■ WORK TO BE COMPLETED
Only one span of the material below is wanted. Output it exactly, from the line with "Plum Coconut Shampoo" through the line with "K9 Pocket and", without any pictures.

■ DATA SECTION
*** Block opens ***

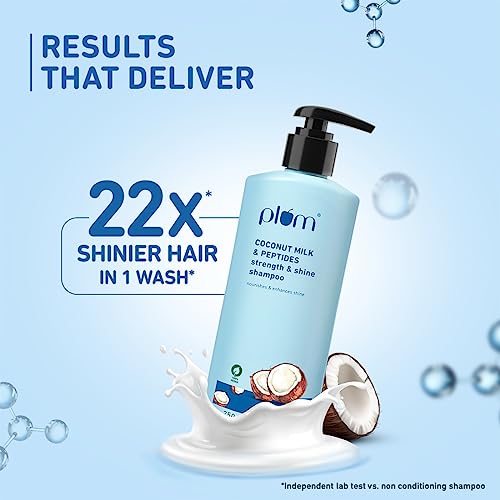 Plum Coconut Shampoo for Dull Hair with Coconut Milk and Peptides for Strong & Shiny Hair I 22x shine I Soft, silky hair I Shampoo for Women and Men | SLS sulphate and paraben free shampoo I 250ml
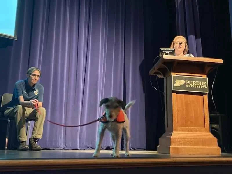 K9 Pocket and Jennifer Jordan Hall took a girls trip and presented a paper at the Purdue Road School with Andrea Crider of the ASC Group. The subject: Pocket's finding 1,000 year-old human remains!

*** Block closes ***
*** Block opens ***

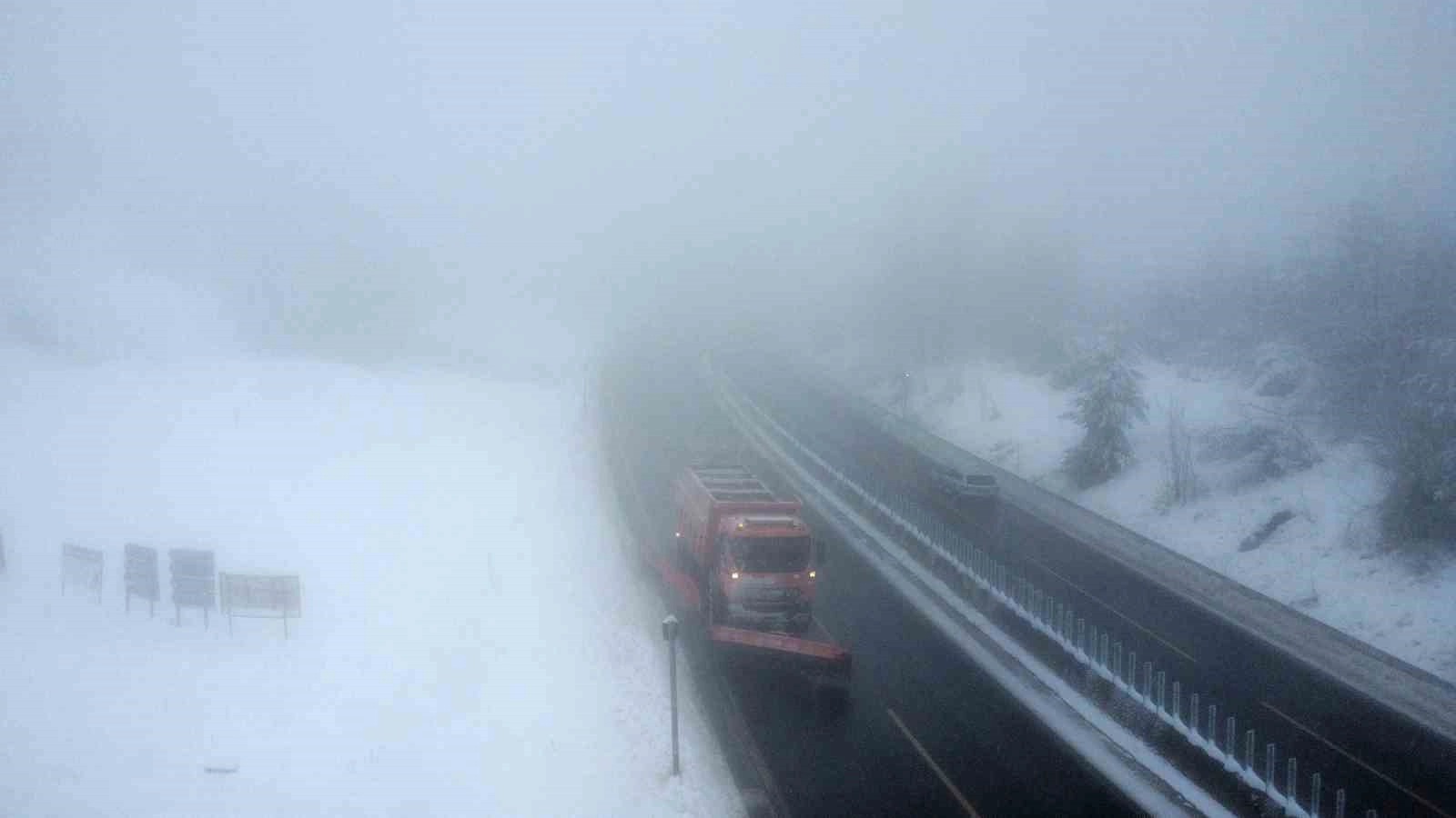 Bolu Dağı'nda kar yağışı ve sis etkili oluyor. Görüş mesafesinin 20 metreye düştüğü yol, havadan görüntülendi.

*** Block closes ***

■ TASK RESULT
 Plum Coconut Shampoo for Dull Hair with Coconut Milk and Peptides for Strong & Shiny Hair I 22x shine I Soft, silky hair I Shampoo for Women and Men | SLS sulphate and paraben free shampoo I 250ml
 K9 Pocket and Jennifer Jordan Hall took a girls trip and presented a paper at the Purdue Road School with Andrea Crider of the ASC Group. The subject: Pocket's finding 1,000 year-old human remains!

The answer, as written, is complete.